I have several pieces of code by now, but as described in some earlier post, this did not give a stable reading with entirely adequate decoupling and filtering for all other means. Even when I average the readings out by taking the average of 6 (six exactly for other timing reasons), I still got rubbish every now and then. And yes, I mean calibadc10, not calibdac. The following code snippet is the bit that shows alternating readings of 2.7 or 2.8 volts now after the regulator, but was not happy at all, when it was connected to the battery directly (the line commented out). While most readings were alternating a tenth of a volt, an odd reading would show 3.2, 2.4, 1.9 or some other crazy value. I tested this with 4 different batteries just to make sure and a plethora of capacitor and resistor combinations intended as filters and eventually gave up.

Code:

  LiPoVolts = 0                                                               'Restart before each measurement
  LiPoVoltsAgr = 0                                                          'Restart before each measurement
  
  for Counter = 0 to 5                                                    'Take six measurements of battery voltage
    calibadc10 LiPoVolts                                                  'Read Vs as compared to internal 1.024V reference
    LiPoVoltsAgr = LiPoVoltsAgr + LiPoVolts                     'Agregate for average later
  next Counter
  LiPoVolts = LiPoVoltsAgr / Counter                             'Put the average calibdac10 value into LiPoVolts variable
'  LiPoVolts = 52378 / LiPoVolts * 20                             'Turn the number into milivolts (or something), kind of worked with direct LiPo supply
  LiPoVolts = 10476 / LiPoVolts                                     'Volts times 10 @ 2.8V supply
;  bintoascii LiPoVolts,Hundreds,Tenths,Units             'Decode volts into displayable values

The reason I mention the 2.8V regulator, is because I need to re-do the hardware anyway now to measure anything else than 2.8V - I need to connect picaxe adc pin directly to the battery with a voltage divider (as the picaxe is now running @ 2.8V and direct battery voltage would be significantly above rail) and maybe some capacitors again. This sounds like extra components and I don't like that, so I'm looking if there is a more advanced, integrated way to achieve the same - like a solution integrated in a charger ic. This would still be extra components, but most or even all would be components I need to have anyway.
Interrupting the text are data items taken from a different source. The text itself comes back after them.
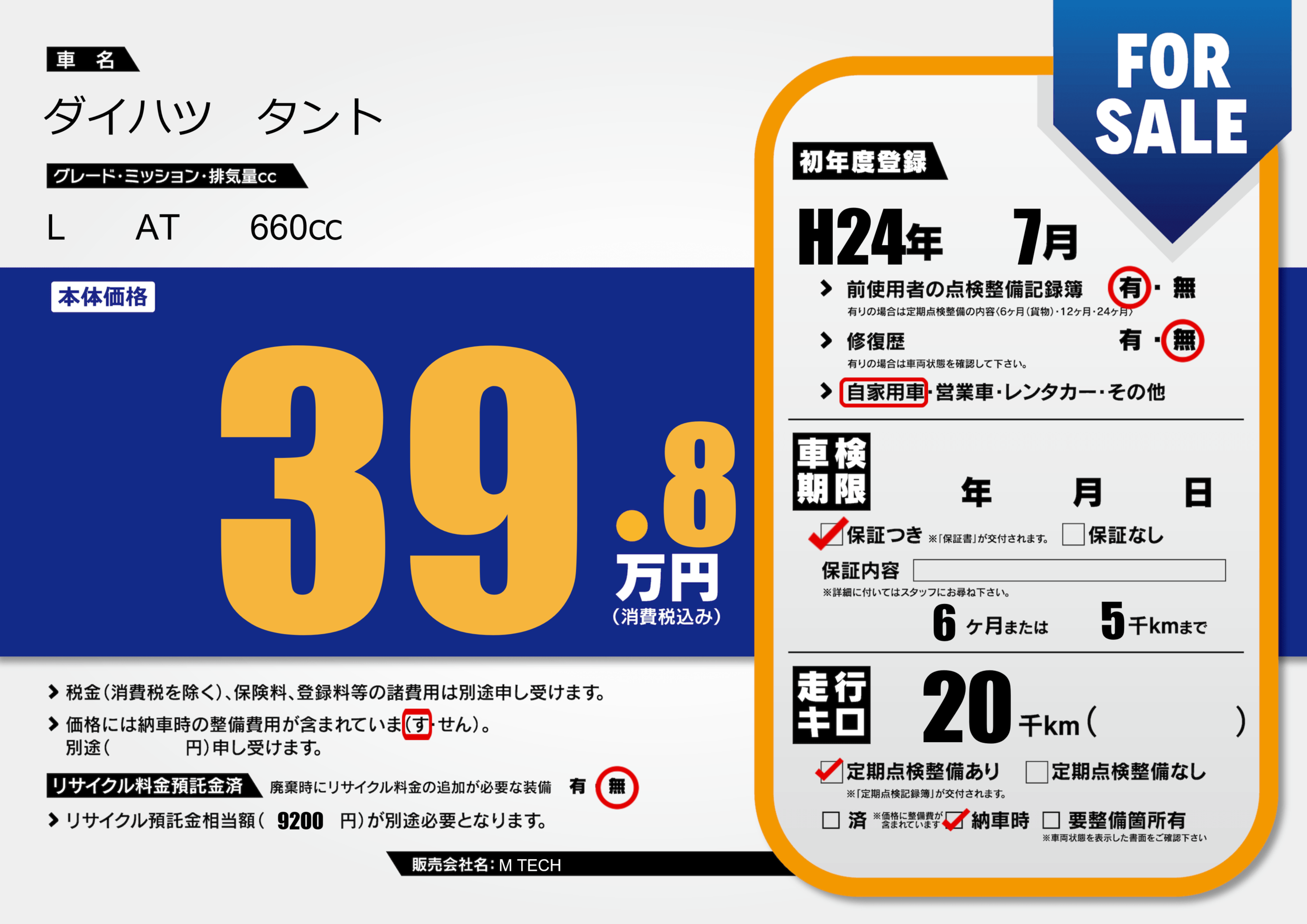 保証付き 保証内容(---) 6ヶ月または(5)千kmまで |
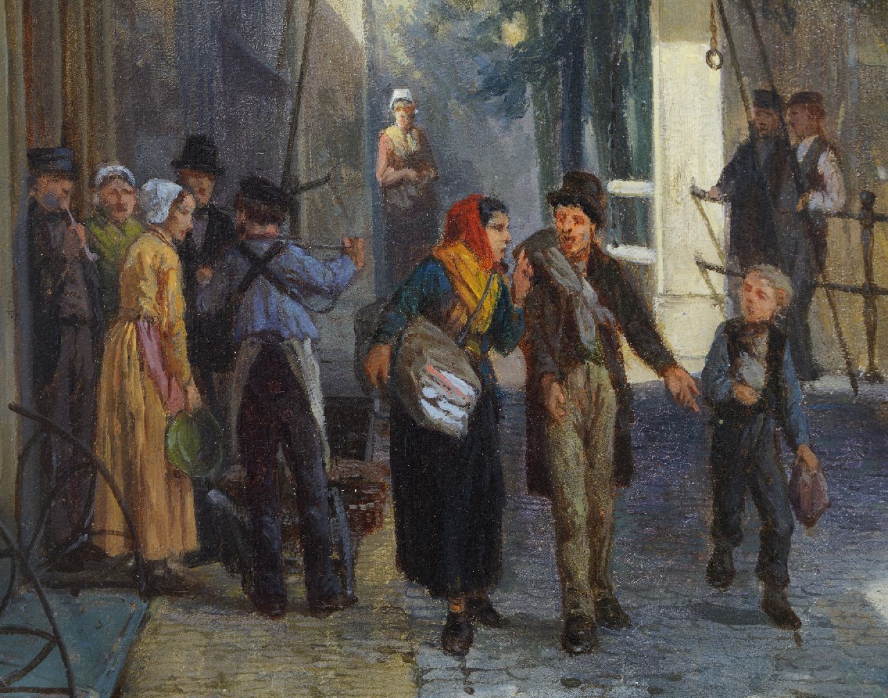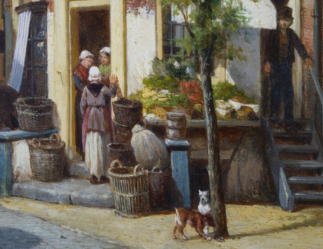 Cornelis Springer kunstwerk • schilderij • voorheen te koop Drukbevolkt straatje 'Binnenveer' in Weesp
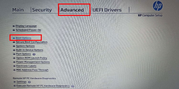 De pijl gebruiken toetsen, ga naar Geavanceerd en selecteer vervolgens Opstartopties.
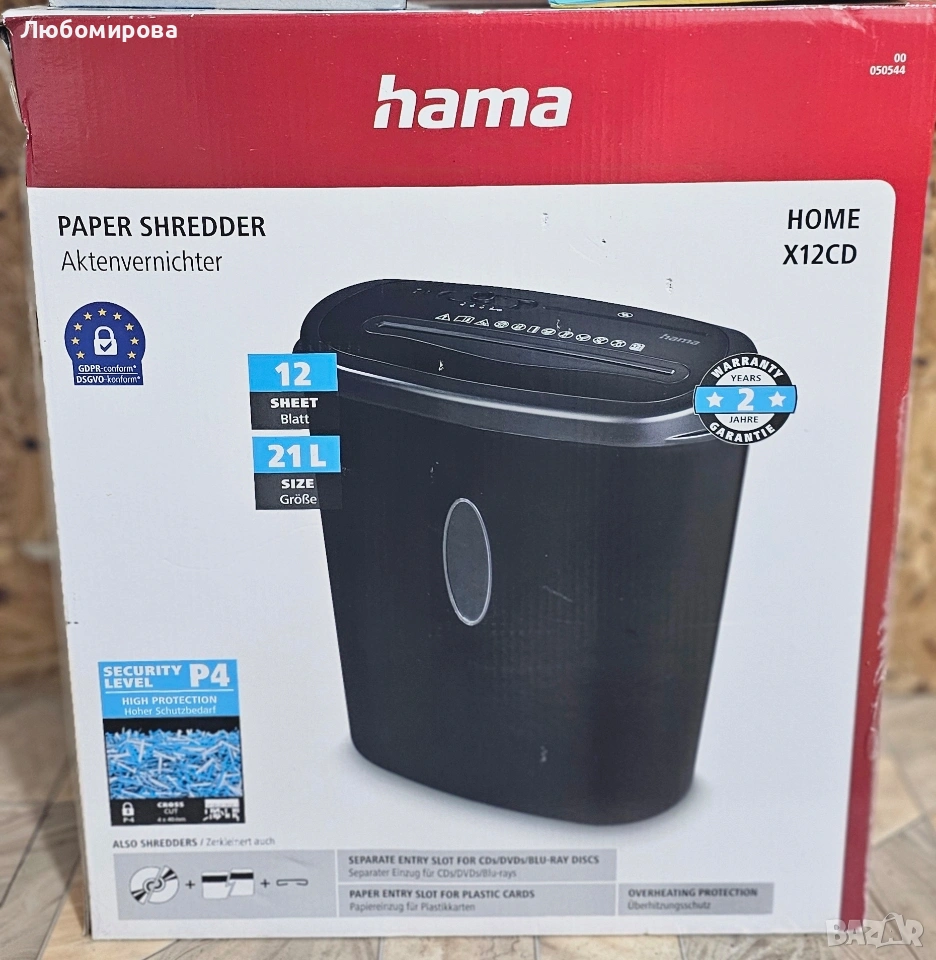 Шредерът Home X12CD от Hama е вашият практичен и ежедневен помощник за сигурно унищожаване на лични данни. Той се справя успешно с раздробяването на поща, файлове и листове с данни, като ги прави на малки фрагменти, а отпадъците от хартия попадат директно в контейнера. Контейнерът е с обем 21 l и разполага с прозорче, през което може да следите кога е време да изпразните кошчето. Home X12CD има допълнително подаване за CD, DVD, Blu-Rays и пластмасови карти. По този начин, безопасно могат да се унищожават носители на данни и карти за лоялност. Остатъците от тях се събират в контейнер и могат да се изхвърлят устойчиво и отделно от хартията. Уредът за раздробяване на документи може да унищожи до 13 листа хартия с формат A4 и плътност 70 g/m2 наведнъж. Висококачествените стоманени блокове нарязват вашите лични документи на тънки хартиени ленти - 4 mm. Този размер на изрязване съответства с нивото за сигурност P-4 и клас за защита 2 съгласно DIN 66399. С функцията за автоматично стартиране и спиране, шредерът автоматично започва да раздробява, когато материалът се вкарва в подаващото устройство и спира веднага щом процесът приключи. Шредерът разполага с предпазно устройство, така че режещите ролки се завъртат, само когато главата на устройството е поставена правилно върху хартиената кошница. В противен случай, вграденото устройство ще предотврати раздробяването. С функцията за обръщане може лесно да се изчисти заседнала хартия, ако бъдат поставени твърде много листове или заседнал документ трябва да бъде освободен. Home X12CD има и защита от прегряване, за която ви сигнализира LED индикатор. Характеристики: * функция за автоматично стартиране и спиране * функция за обръщане * контейнер за събиране на CD, DVD, Blu-ray дискове *предпазното устройство * защита от прегряване * обем на контейнера за хартия: 21 l * обем на контейнера за дискове и пластмасови карти: 0.8 l * размери: 36.2 / 45.2 / 19.5 cm
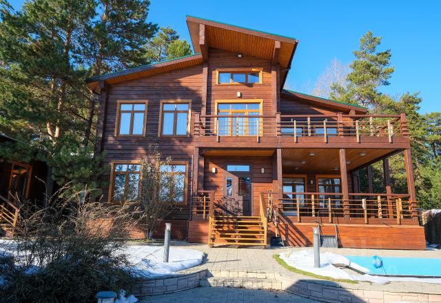 На земельном участке 10 соток продается строение общей площадью 574 кв.м., состоящее из жилого дома общей площадью 470 кв.м. и примыкающего к нему банного комплекса с бассейном общей площадью 104 кв.м. Также на земельном участке находятся два гаража, площадью 45,5 кв.м. и 26 кв.м.
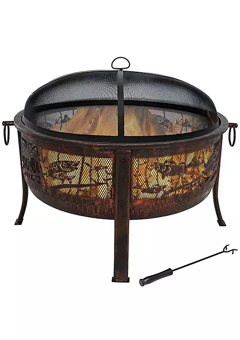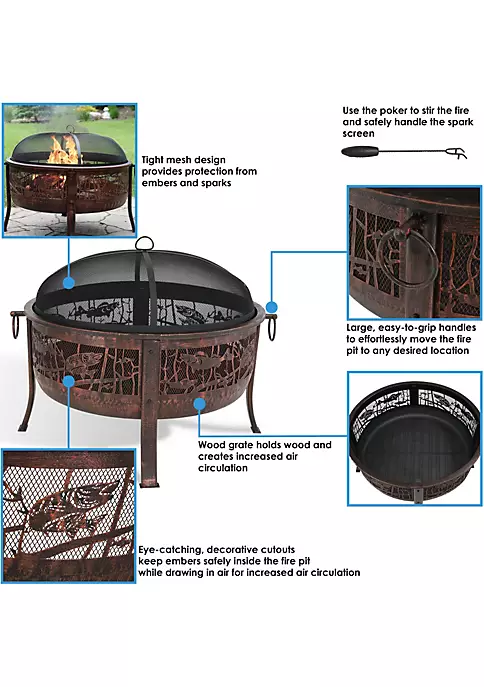 - Fire Pit;Spark Screen;Wood Grate;Poker;Cover
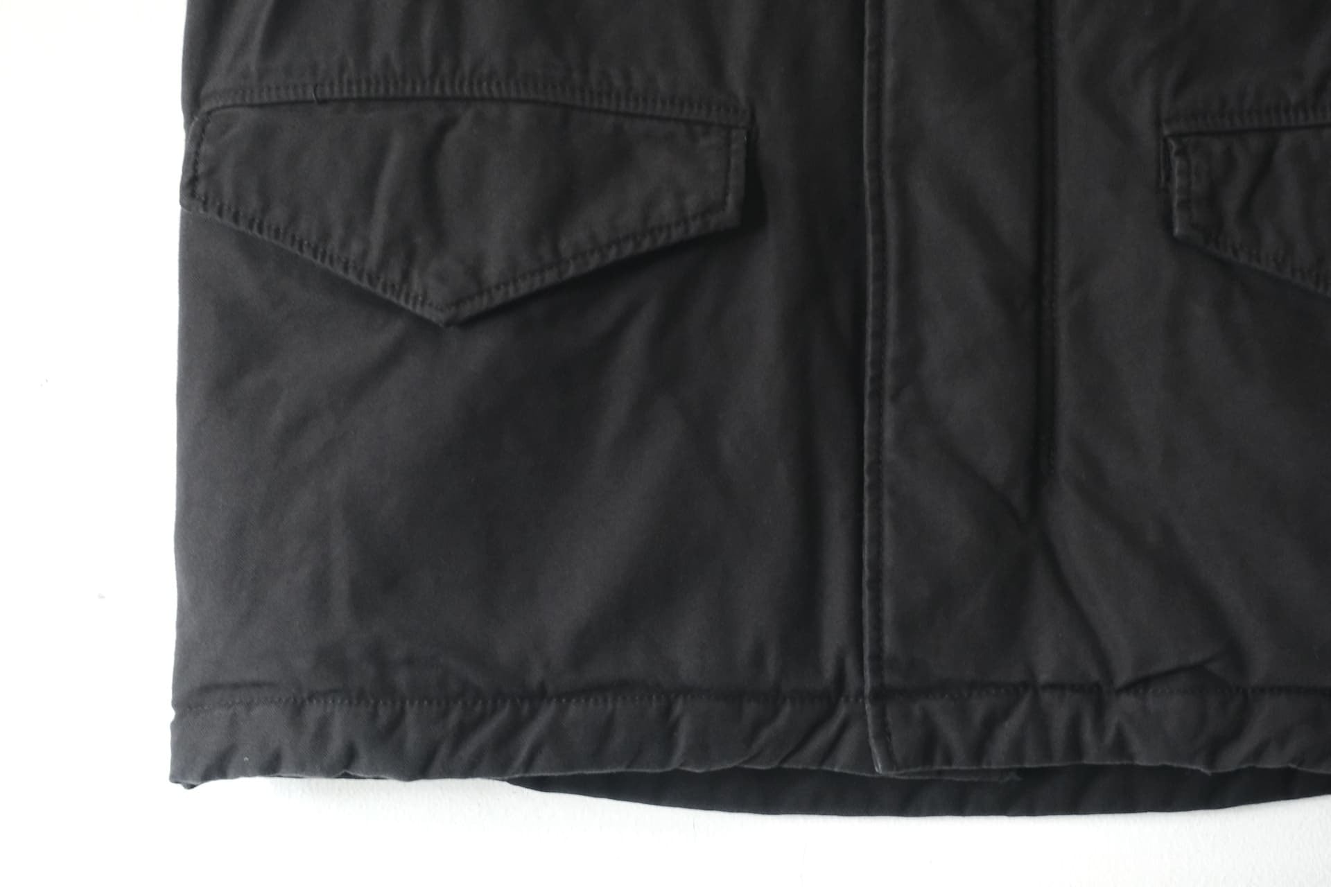 Taking cues from the iconic M-65 jacket, it’s cut from sturdy back satin and treated for a timeworn, vintage character. The vest holds a subtle volume with light padding, allowing it to step easily into the role of outerwear. Oversized flap pockets, complete with depth and structure, give it both presence and practicality.

As explained above by other people, it seems to be somewhat trickier business than it sounds. For starters, you do need stable accuracy at 100th of a volt to actually determine the remaining capacity of a cell. This sort of stability of an analog reading is a bit difficult to imagine if you are running anything more than a few LEDs and, say, a temperature sensor. I have a DC motor, I2C distance sensor, IR receivers, serially controlled sound module and 20+ LEDs, albeit the low current type (~2mA each). Then, even if you figure out the voltage, what do you do with it? I assume it will drop quite a lot faster and lower when the model car is climbing a grade at full torque than if it is just sitting and waiting for the next IR command at a parking lot. A false-negative reading will cause a lot of problems as once a car gets set for a "battery low vehicle", it won't go out of that state unless it arrives at a charging station and successfully completes a re-charging cycle. So while I need to preserve my batteries and thus charge them often a little rather than deplete and charge a lot, I also need cars on the roads, not in the charging stations. There should be no errors unless the battery is really bad or something.

Probably all are challenges possible to tackle, but solutions "already built for this" would take me forward quite a bit faster. Maybe

.

Edmunds

hippy · May 29, 2015

LiPoVolts = 52378 / LiPoVolts * 20

There does not seem to be anything wrong with that maths so seems there is some other issue involved. I would guess the readings are not consistent causing the average to vary more than one would like than in display of the value elsewhere. Why they would be inconsistent with a LiPo rather than any other supply I do not know.

AllyCat · May 29, 2015

Hi edmunds,

Personally, I can't see why you would use CALIBADC if you "know" that the PICaxe supply rail is 2.8 volts (since the regulator voltage is probably more accurate than the PICaxe's FVR). Of course you can use READADC, but as you surmise the input pin voltage cannot exceed the Reference Voltage, and/or the Vdd, so you would need an external (Potential) Divider resistor chain to monitor a higher battery voltage. This can be done with higher accuracy than CALIBADC, because only multiplication (and not the less accurate division) is required.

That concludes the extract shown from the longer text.